Deep Learning Course — Lesson 9: Regularization Techniques

--

Overfitting and Underfitting in Neural Networks

Overfitting occurs when a neural network model learns the detail and noise in the training data to the extent that it negatively impacts the performance of the model on new data. This means that the noise or random fluctuations in the training data is picked up and learned as concepts by the model.

Underfitting, on the other hand, refers to a model that can neither model the training data nor generalize to new data. An underfit machine learning model is not a suitable model and will be obvious as it will have poor performance on the training data.

Regularization Techniques: L1, L2 Regularization, Dropout

Regularization methods introduce additional information (bias) to penalize extreme parameter weights.
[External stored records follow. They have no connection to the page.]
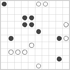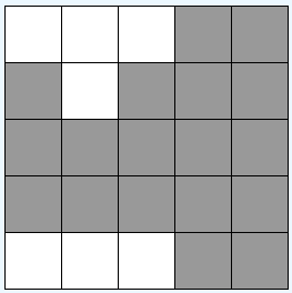 المطلوب إيجاد المناطق السوداء حيث يشير الدوائر السوداء إلى وجود مناطق سوداء حوله أكثر من المنطق البيضاء.وتشير الدوائر البيضاء إلى وجود مناطق بيضاء حوله أكثر من السوداء. والدوائر الرمادية تدل على عدد متساوي من المناطق البيضاء والسوداء حوله. لاحظ المثال أدناه: |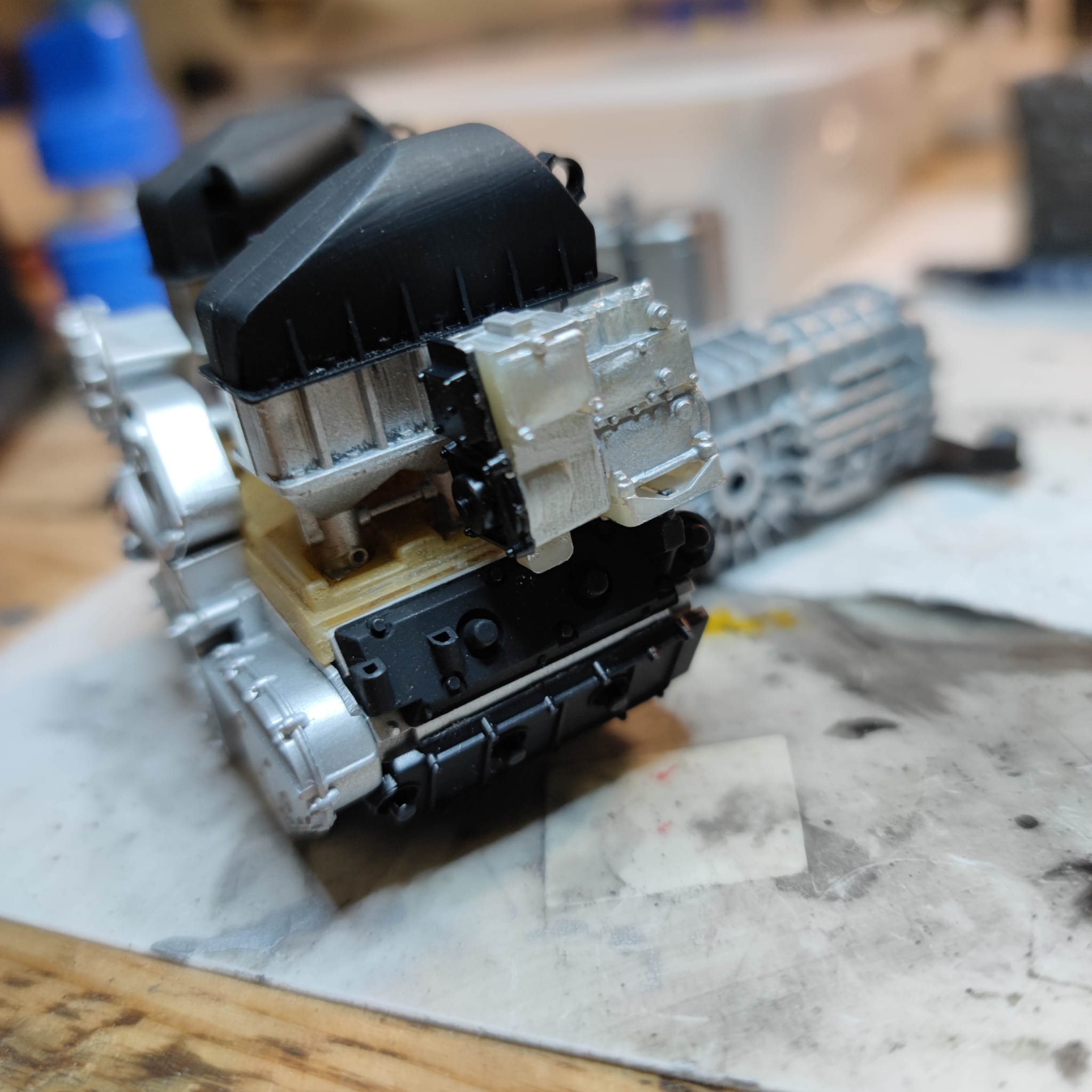 Passprobe beim Motor.... Bei den Bildern sieht man, dass ich noch die eine oder andere Stelle nacharbeiten muss. Einiges ist noch gar nicht lackiert. Sieht aber schon ganz gut aus... finde ich.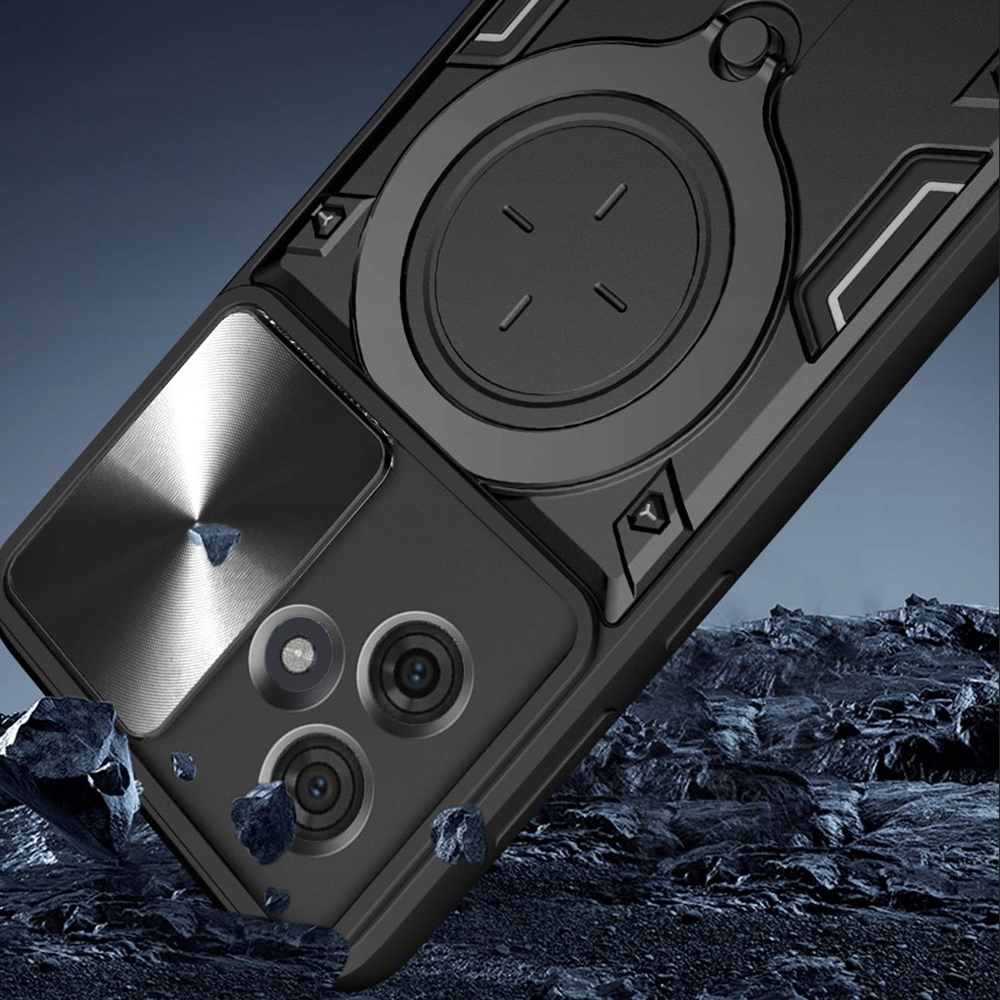 Kryt Techsuit CamGuard Pro se pyšní moderním a odolným designem s výraznými, lehce futuristickými prvky. Jeho fialové provedení dodává telefonu osobitý styl. Na zadní straně dominuje posuvný kryt fotoaparátu z kartáčovaného materiálu, který efektivně chrání citlivé objektivy před poškrábáním a nárazy. Tento kryt je navržen tak, aby se dal snadno odsunout pro rychlé pořízení fotografií a opět zasunout pro maximální ochranu. Integrovaný kruhový prvek na zadní straně slouží jako praktický stojánek pro pohodlné sledování obsahu nebo jako úchyt pro bezpečnější držení telefonu. Celková konstrukce pouzdra je vícevrstvá, což zaručuje zvýšenou odolnost proti pádům a otřesům.

  • L1 Regularization: Also known as Lasso Regression, adds “absolute value of magnitude” of the coefficient as a penalty term to the loss function.
  • L2 Regularization: Also known as Ridge Regression, adds “squared magnitude” of the coefficient as a penalty term to the loss function.
  • Dropout: This is a regularization method where during training, random subsets of the neurons’ outputs are set to zero within each update cycle. It is a very efficient way of performing model averaging with neural networks.

Additional Strategies: Data Augmentation, Early Stopping

  • Data Augmentation: Involves creating new training examples by applying various transformations on our existing dataset. Common transformations include rotations, translation, zooming, changing color schemes, etc.
  • Early Stopping: In this form of regularization, we make use of a validation set to evaluate the performance of our model during the training phase and stop training when the performance on the validation set starts getting worse. This helps in preventing the model from overfitting the training data.

These strategies and techniques help in improving the performance of the neural network models by preventing them from overfitting the training data and making them generalize better to unseen data.

--

--